12 March 2010

Lilith - Adam's first wife

So briefly, most recall the story of Adam and Eve in the Garden of Eden, little knowing the true story of Adam's first wife, Lilith. Apparently, in a dispute over which, Adam or Lilith, should be sexually "on top", Lilith leapt into the air (with instant wings) and flew off to the Red Sea. God, making his usual rounds that evening learned the entire odd story from His new creations and dispatched two angels to sweet talk Lilith into coming back to the Garden. Unable to dissuade her, our two clever ambassadors threatened to kill her first 100 children each day to which Lilith retorted that she would birth 1000 children every day.
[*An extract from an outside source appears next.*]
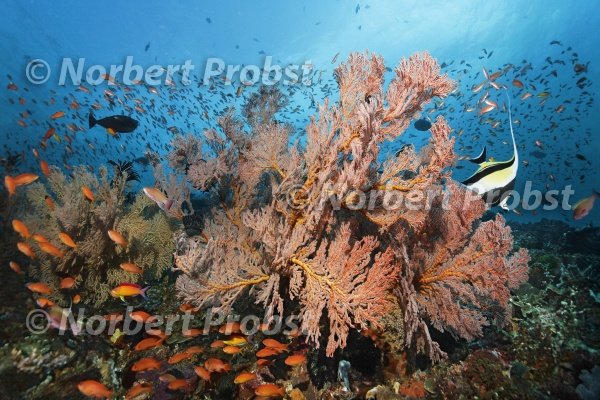 Schwarm verschiedene Fahnenbarsche, (Anthiinae), schwimmt über Korallenriff, mit Gorgonie, (Melithea ochracea), Halfterfisch, (Zanclus cornutus) Großes Barriereriff, UNESCO, Weltnaturerbe, Queensland, Cairns, Pazifischer Ozean, Australien | School different Fairy basslets, (Anthiinae), swims over coral reef, with sea fan, (Melithea ochracea), Moorish idol, (Zanclus cornutus), Great Barrier Reef, UNESCO, World Heritage Site, Queensland, Cairns, Pacific, Ocean, Australia

Our two angels return to the Almighty, related the situation and the Allknowing One, after a couple more attempts (three's a charm), sorts a more compliant Eve for Adam. Not being around for the Apple / Snake shakedown, Lilith is immortal and still with us today - though needing, with feet like those, some extra daily help with gathering semen to make those 1000 babies.  She and her female offspring (ie the succubi) spend the nights causing and harvesting wet dreams 'round the world. Beats Santa Claus or maybe they. . . So, I got to be making this up? not! Robert Graves and Raphael Patai's excellent account and the wonderful and long lived Lilith website of Alan Humm - thank you again, Alan.
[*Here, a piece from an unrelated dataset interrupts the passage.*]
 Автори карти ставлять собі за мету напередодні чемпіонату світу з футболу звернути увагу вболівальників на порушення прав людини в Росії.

From the British Museum- "Queen of the Night" in old Babylon, 1800-1750 BC (southern Iraq)
 This large plaque is made of baked straw-tempered clay, modelled in high relief. The figure of the curvaceous naked woman was originally painted red. She wears the horned headdress characteristic of a Mesopotamian deity and holds a rod and ring of justice, symbols of her divinity. Her long multi-coloured wings hang downwards, indicating that she is a goddess of the Underworld. Her legs end in the talons of a bird of prey, similar to those of the two owls that flank her. The background was originally painted black, suggesting that she was associated with the night. She stands on the backs of two lions, and a scale pattern indicates mountains. The figure could be an aspect of the goddess Ishtar, Mesopotamian goddess of sexual love and war, or Ishtar's sister and rival, the goddess Ereshkigal who ruled over the Underworld, or the demoness Lilitu, known in the Bible as Lilith. The plaque probably stood in a shrine. The same goddess appears on small, crude, mould-made plaques from Babylonia from about 1850 to 1750 BC. Thermoluminescence tests confirm that the 'Queen of the Night' relief was made between 1765 and 45 BC.

The relief may have come to England as early as 1924, and was brought to the British Museum in 1933 for scientific testing. It has been known since its publication in 1936 in the Illustrated London News as the Burney Relief, after its owner at that time. Until 2003 it has been in private hands. The Director and Trustees of the British Museum decided to make this spectacular terracotta plaque the principal acquisition for the British Museum's 250th anniversary.

Photo above: The plaque as it looks now compared to a reconstruction image created by Mark Timson of the British Museum's New Media Unit, with the guidance of Dominique Collon, curator in the Department of the Ancient Near East.

Best books: Siegmund Hurwitz "Lilith, the first Eve" and Raphael Patai "Hebrew Goddess".